Calculate:
In the following equation, 417.96 g of Bi (bismuth) reacts completely with 200 g of F (fluorine.) How many grams of BiF (little three below F) are formed?
2 Bi + 3 F (little 2 under F) ---> 2 BiF (little three below F)
This is a limiting reagent (LR) problem and I know that because amounts are given for BOTH reactants. I solve these the long way--there is a shorter way but I think it's harder to explain, especially by typing.
2Bi + 3F2 ==> 2BiF3
mols Bi = grams/molar mass = ?
mols F2 = grams/molar mass = ?
Using the coefficients in the balanced equation, convert mols Bi to mols BiF3.
Do the same to convert mols F2 to mols BiF3.

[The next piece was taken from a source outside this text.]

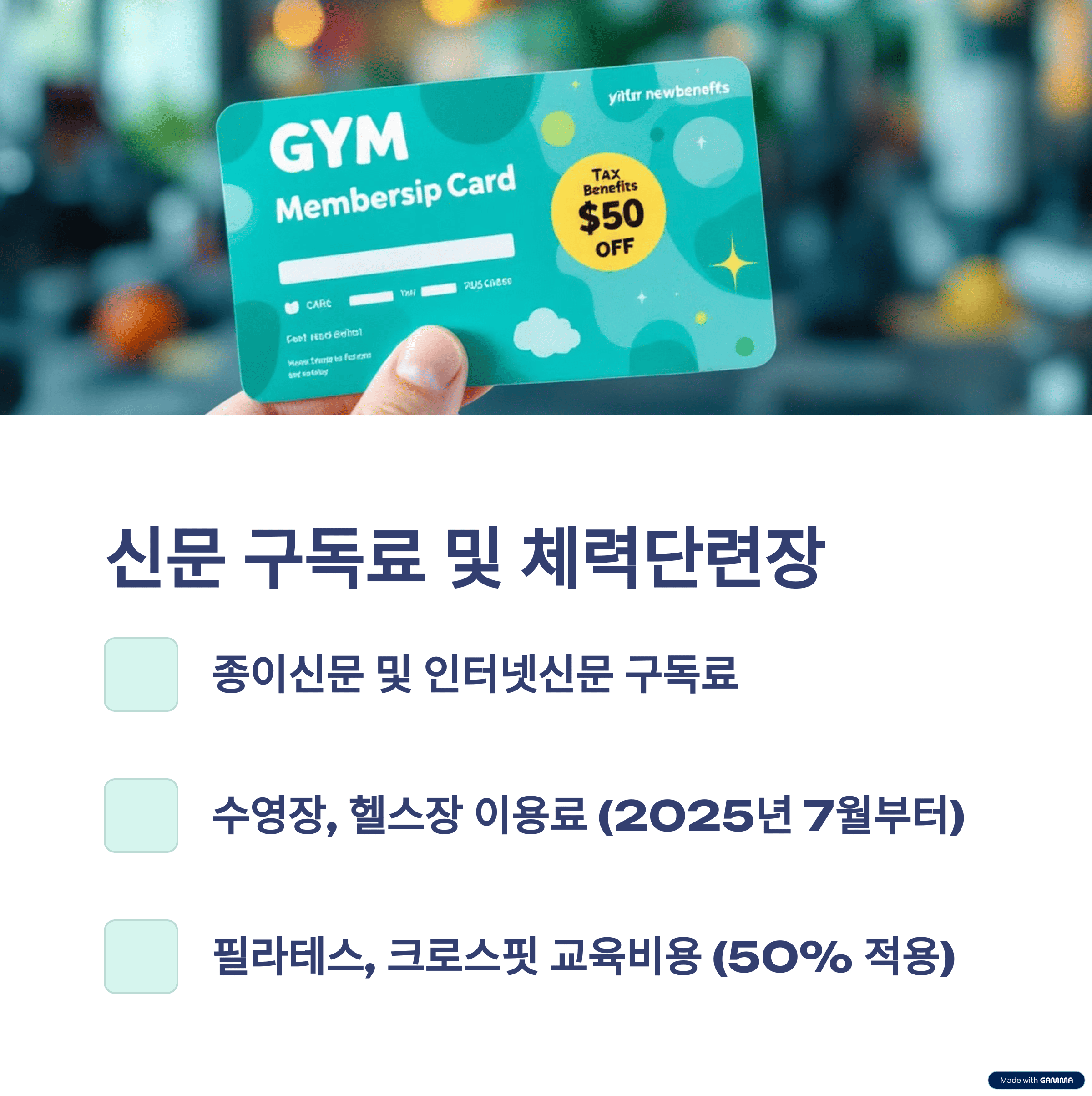 - 수영장 체력단련장: 2025년 7월부터 적용되는 새로운 항목이에요. 이제부터 헬스장, 필라테스, 크로스핏 교육비용도 가능하니 참고하세요.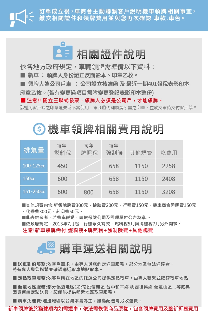 流程問題 :br.須自付燃料稅、領牌費、強制險費用等。br.車牌號碼恕不提供選號(除自費選號)。br.購買後將有專人為您說明證件寄送及辦、領車等流程問題。br.客需提供辦理相關資料寄至廠商處,以便辦理領牌作業br.廠商收到資料及費用後,統一由光陽機車供貨商代客在新北市辦理領牌作業。br.領牌完成後,由出貨廠商與您連絡約定送貨時間。br.一經領牌,恕無法辦理退貨,購買前請詳加確認您的需求。 br.以您繳交費用及證件齊全後算起,交車時間約為7日工作天左右(除開學季,或天災,不可抗命之因素等等可能延長交車時間,請客見諒)br.宅配到府僅限台灣本島宅配到府,部分偏遠縣市(花蓮、南投)和山區採定點取車方式。

It is quite likely that the two values will not agree; the correct value in LR problems is ALWAYS the smaller value and the reagent responsible for that smaller value is the LR.
Take the smaller value and convert that to grams. g = mols x molar mass. = ?grams BiF3
500
To determine the number of grams of BiF (bismuth fluoride) formed, we can use the concept of stoichiometry.
Step 1: Start with the given mass of Bi (bismuth) and F (fluorine).
Bi = 417.96 g
F = 200 g
Step 2: Calculate the molar mass of the reactants and product.
The molar mass of Bi is 208.98 g/mol, and the molar mass of F is 18.998 g/mol.
Step 3: Convert the given mass of Bi and F to moles.
moles of Bi = mass/molar mass = 417.96 g / 208.98 g/mol = 2 mol
moles of F = mass/molar mass = 200 g / 18.998 g/mol = 10.53 mol (rounded to two decimal places)
Step 4: Determine the molar ratio between Bi and BiF in the balanced equation.
From the balanced equation: 2 Bi : 2 BiF
The molar ratio is 2:2, or 1:1.
Step 5: Calculate the moles of BiF formed.
Since the molar ratio is 1:1, the moles of BiF formed will be equal to the moles of Bi used (2 mol).
Step 6: Convert the moles of BiF to grams.
mass of BiF = moles of BiF x molar mass of BiF
The molar mass of BiF is (208.98 g/mol + 18.998 g/mol) = 227.978 g/mol.
mass of BiF = 2 mol x 227.978 g/mol = 455.956 g (rounded to three decimal places)
Therefore, 455.956 grams of BiF are formed when 417.96 g of Bi reacts completely with 200 g of F.
To calculate the grams of BiF3 formed, we need to use stoichiometry, which is the mathematical relationship between the reactants and products in a chemical equation.
First, we need to determine the molar mass of each element involved in the reaction. The molar masses are as follows:
- Bi (bismuth) molar mass = 208.98 g/mol
- F (fluorine) molar mass = 18.998 g/mol
- BiF3 (bismuth trifluoride) molar mass = 263.98 g/mol
Next, we need to determine the number of moles of Bi and F in the reaction. To do this, we divide the given masses of Bi and F by their respective molar masses:
- Moles of Bi = 417.96 g / 208.98 g/mol = 1.998 moles
- Moles of F = 200 g / 18.998 g/mol = 10.530 moles
We can see from the balanced chemical equation that the ratio between Bi and BiF3 is 2:2 (1:1) and the ratio between F and BiF3 is 3:2. Therefore, we need to determine the limiting reactant, which is the reactant that is completely consumed and determines the maximum amount of product that can be formed.
To find the limiting reactant, we compare the moles of Bi and F. The mole ratio between Bi and F is 2:3. For every 2 moles of Bi, we need 3 moles of F. Therefore, the limiting reactant is F, as we have excess Bi.
Now, we can calculate the moles of BiF3 that can be formed using the limiting reactant, which is F. The mole ratio between F and BiF3 is 3:2:
- Moles of BiF3 = (10.530 moles of F) * (2 moles of BiF3 / 3 moles of F) = 7.02 moles
Finally, we can determine the mass of BiF3 formed by multiplying the moles of BiF3 by its molar mass:
- Mass of BiF3 = 7.02 moles * 263.98 g/mol = 1851.7596 g
Therefore, approximately 1851.76 grams of BiF3 are formed in the reaction.